Starting this Monday (5), law schools in the US will have to explicitly protect the right to freedom of expression of faculty, students and staff in order to obtain formal recognition from the American Bar Association (ABA), the bar association of USA.
The ABA, which regulates legal education and admission to the bar in the United States, today approved a new rule that requires law schools to have “written policies that encourage and support the free expression of ideas.”
According to the entity, policies must respect the “diversity of opinions”, even if they are controversial or unpopular, and guarantee “robust debate, demonstrations or protests”, as well as prohibiting “disruptive activities that harm free expression or interfere substantially in the functions or activities of the law school.”
The new rule was approved by the ABA House of Delegates, the body responsible for formulating the entity's policies, during its meeting in Louisville, a city located in the American state of Kentucky.
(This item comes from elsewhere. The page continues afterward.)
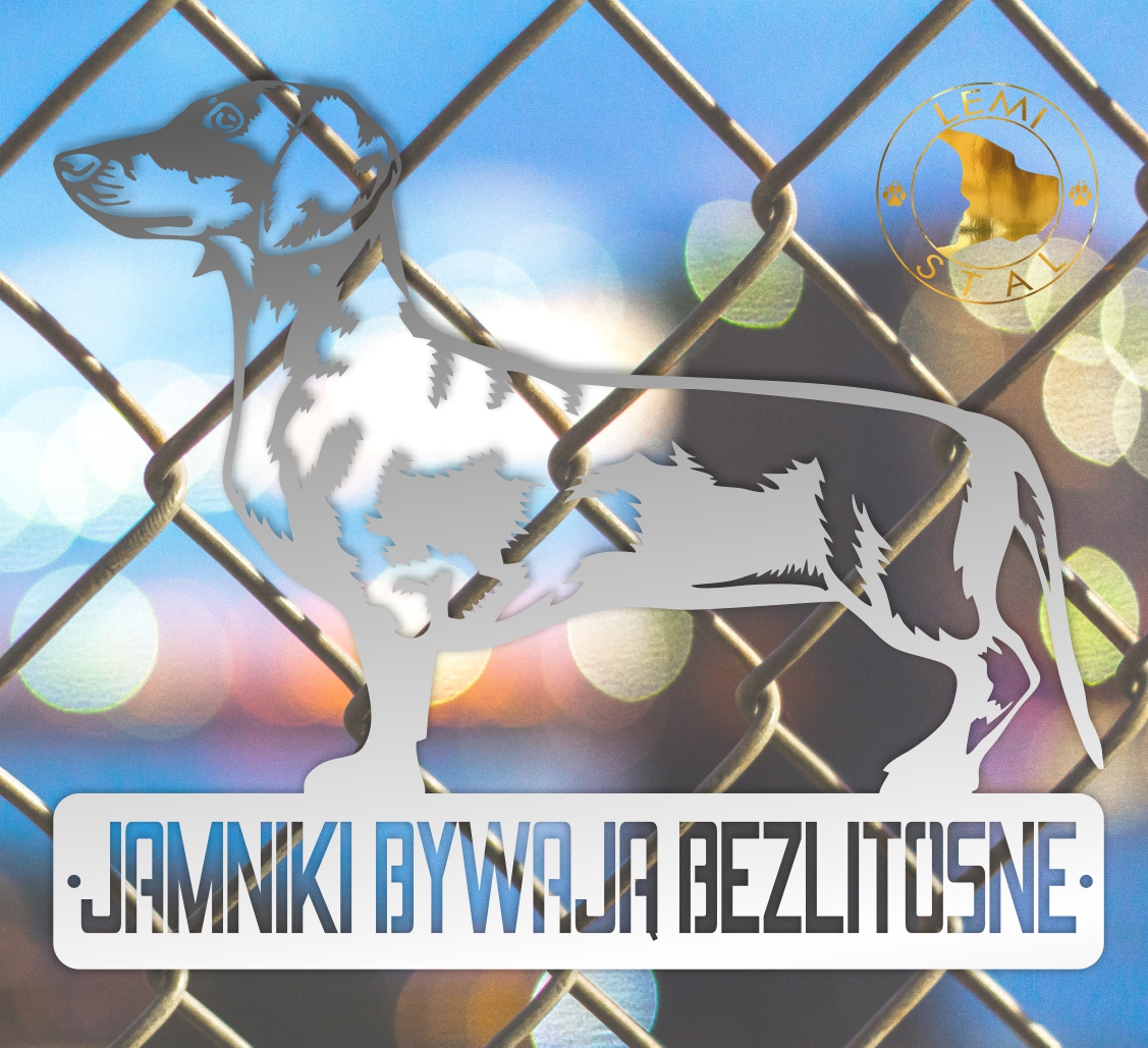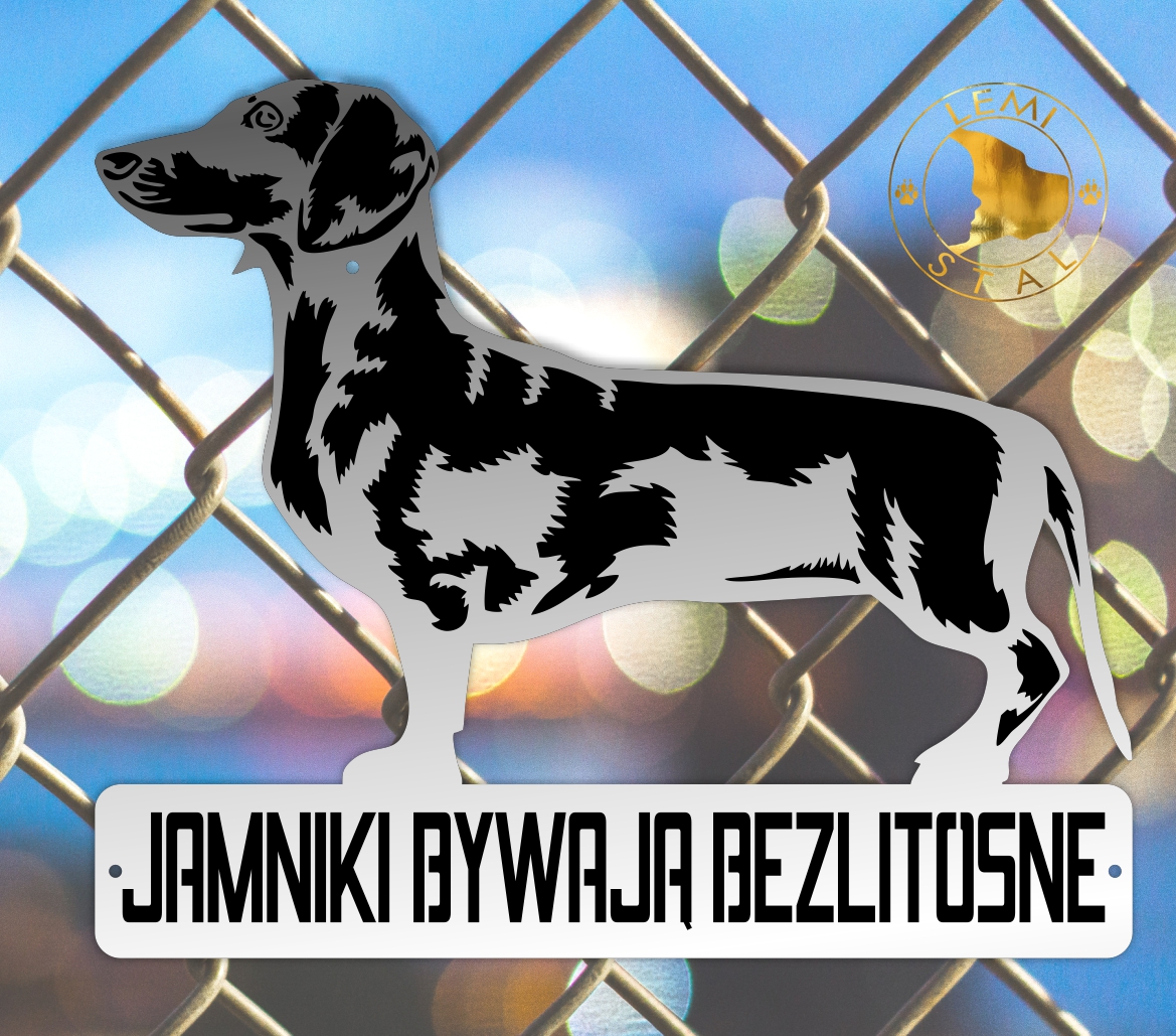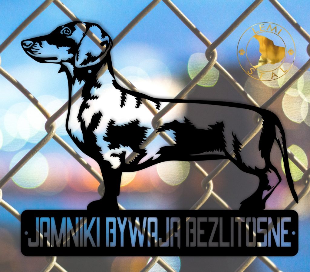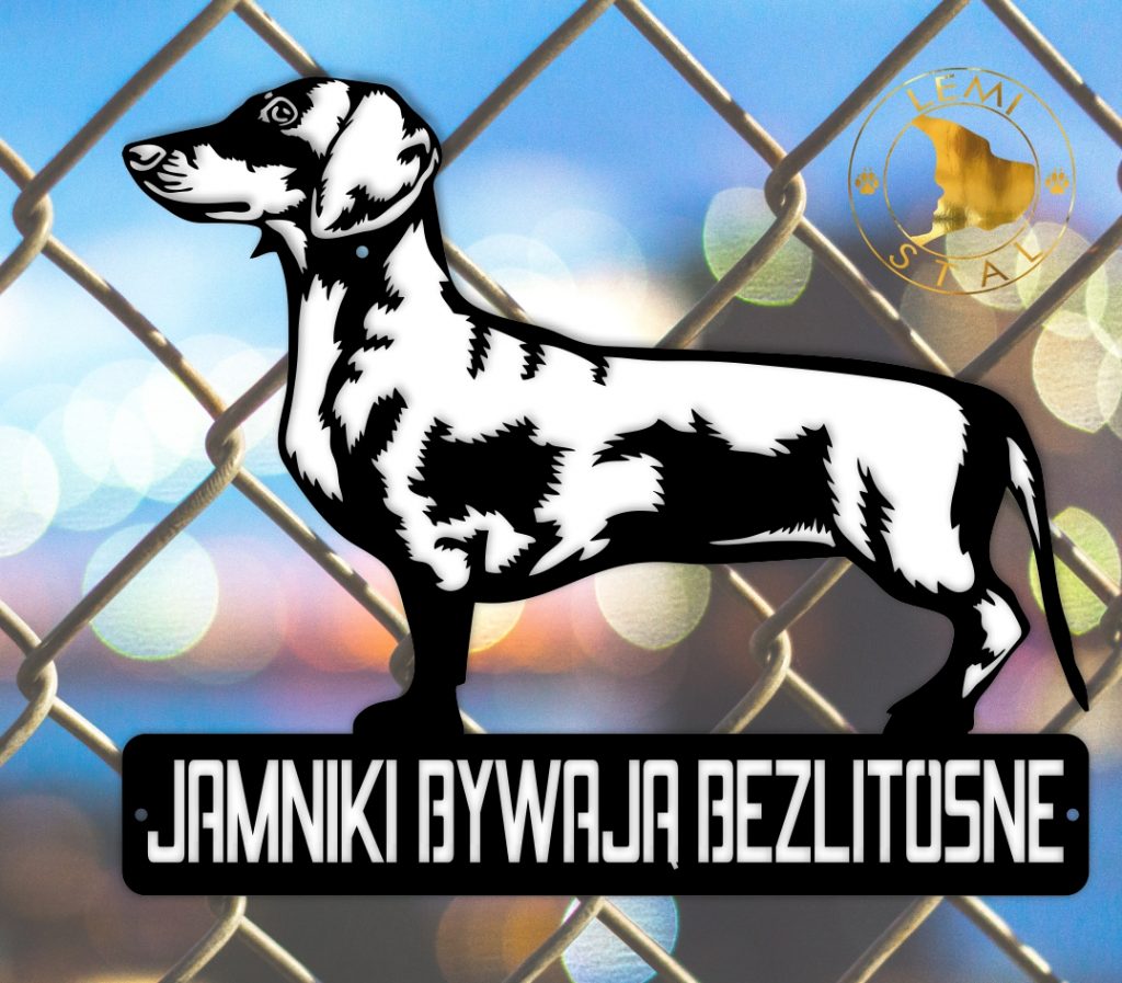 Tabliczka Uwaga Jamnik – śmieszna – własny tekst

The new rule, however, also allows law schools to restrict “expression that violates the law” such as defamatory speech, threats, harassment, or speech that “unreasonably invades privacy or confidentiality.”
The rules for a law school to be recognized by the ABA already required the right to academic freedom for professors, therefore, they were expanded this Monday to guarantee the same right for the entire academic community.
According to information from the agency Reutersthe new rule had already been approved by the ABA Legal Education and Bar Examination Section Council in November, but it was only this Monday, with the approval of the House of Delegates, that it was officially confirmed as a requirement for the recognition of faculties.